The expectation of the Church in giving us these funeral rites and of the Diocese is that the ritual will be observed and that the parish priest will provide guidance to and will work with the grieving family to make good and appropriate decisions so that the funeral Mass serves the holy purpose for which the Church offers it to people at their time of loss. And that is an important point to keep in mind: the Church GIVES us these rites; we, the community of faith including the presiding priest, don’t make them up ourselves as we go along. At times, appropriate adaptations might need to be made in special circumstances but, ultimately, that is the responsibility of the parish priest attending to the family.

The “Order of Christian Funerals” indicates “a” member or friend of the family “may speak in remembrance.” It is not required and neither the funeral Mass nor the memory of the deceased is diminished if such a remembrance is not given. The ritual limits this remembrance to one person speaking and that is the practice usually observed in the parishes of the Diocese of Trenton.

The idea behind this practice is not to restrict people but, rather, to maintain respect, reverence and decorum for both the deceased and the Mass itself. Many people have special memories of the deceased but the funeral Mass is neither the time nor the place for everyone with such a memory to speak. The grieving family, if it desires such a remembrance at the funeral Mass, should decide on and select the person who will speak, and should inform the parish priest ahead of time.
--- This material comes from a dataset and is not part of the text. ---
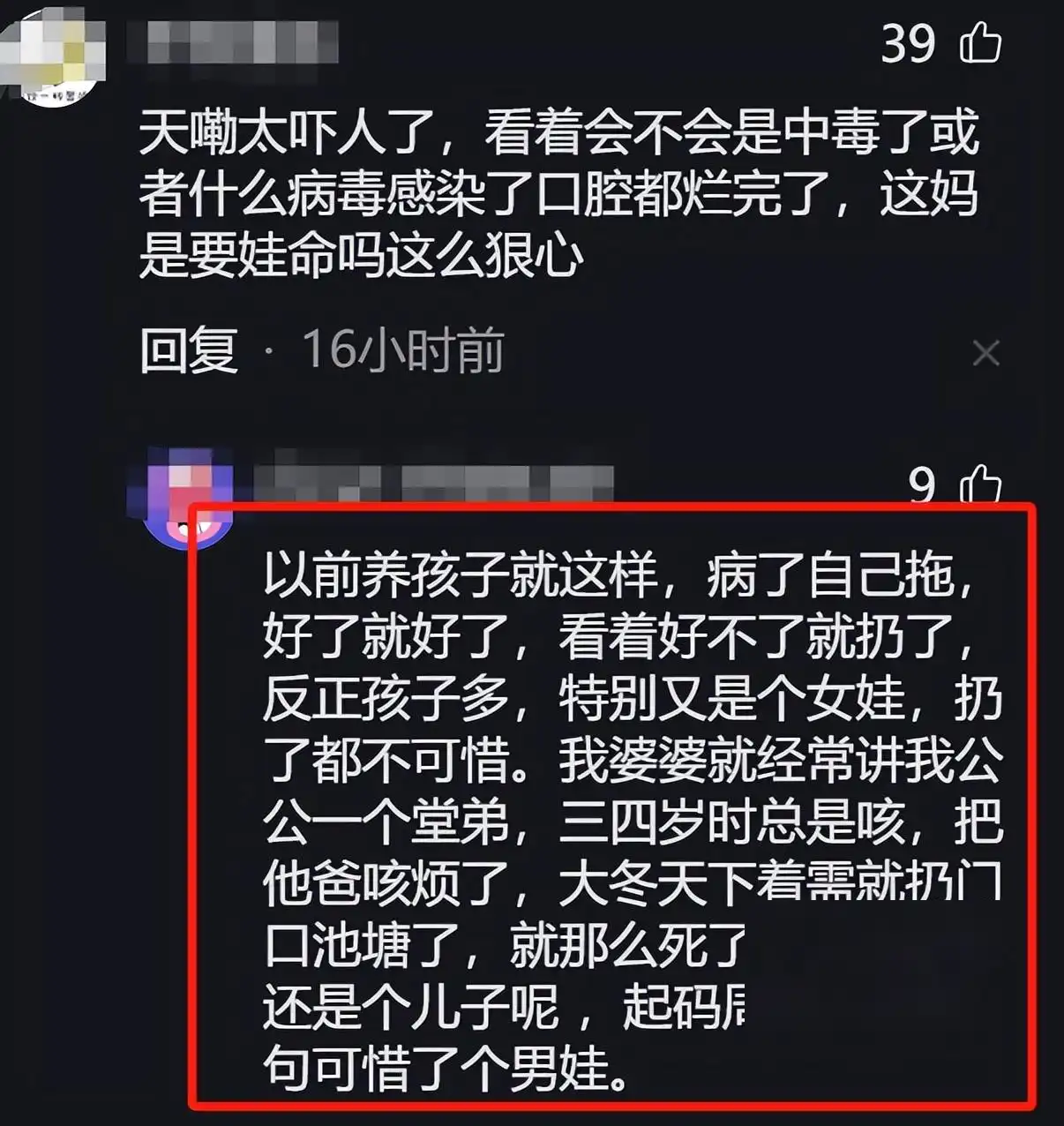 此事引发了热议。有网友说:“天哪!这要在国外,早就被剥夺监护权了!孩子得疼成什么样啊,不敢想象。不爱孩子就不要生。”也有网友说:“医院不让告诉孕妇孩子性别,很多都是生下来了才发现不是自己想要的。我倒希望怀孕的时候性别可以透明,这样可以少很多悲剧!比如这个女孩!”还有网友质疑这位妈妈是否真的关心孩子:“赚钱不就是为了孩子吗?为什么要让孩子遭这样的罪呢?”

And the speaker should be a family member or friend who is not so stricken with grief that the delivery of a remembrance is impeded or cannot be completed.

The remembrance should be just that: a remembrance and a fitting tribute, not a retelling of the deceased person’s entire life history or a presentation of their curriculum vitae.  It should not be lengthy, certainly not longer than the homily.  Nor should it be a comedy monologue or joke fest about the deceased.  Good humor can be appropriate and can certainly lift the veil of sadness that a family or community feels in the moment but jokes themselves are not the purpose of the remembrance provided for in the ritual. “Off-color” remarks are never appropriate at a funeral Mass. Funny stories are better saved for and shared at the wake or at the luncheon following the funeral Mass and burial.

The remembrance at the funeral Mass should be an opportunity for the speaker to lift up the goodness of the deceased and his/her importance and relevance to those gathered to pray for him/her at a funeral Mass. It is always suggested that the speaker share his/her remarks with the parish priest ahead of time, whenever possible.

The “Order of Christian Funerals” as given to us by the Catholic Church should be an experience of faith, hope and loving comfort for those grieving the death of a loved one, remembering and respecting the one who has died and whom we offer back in the funeral Mass to the God who created him/her. The Church and the Diocese hope that the ritual observed serves that holy purpose.

It is the responsibility of individual parishes in the Diocese to develop fitting and appropriate customs and practices to achieve that end, including those surrounding the remembrance given at the funeral Mass. Those customs and practices may differ slightly from parish to parish but the general expectation of the Church and the Diocese is that the “Order of Christian Funerals” is followed as given to us by the Church for the consolation and hope of those experiencing grief at the death of a loved one.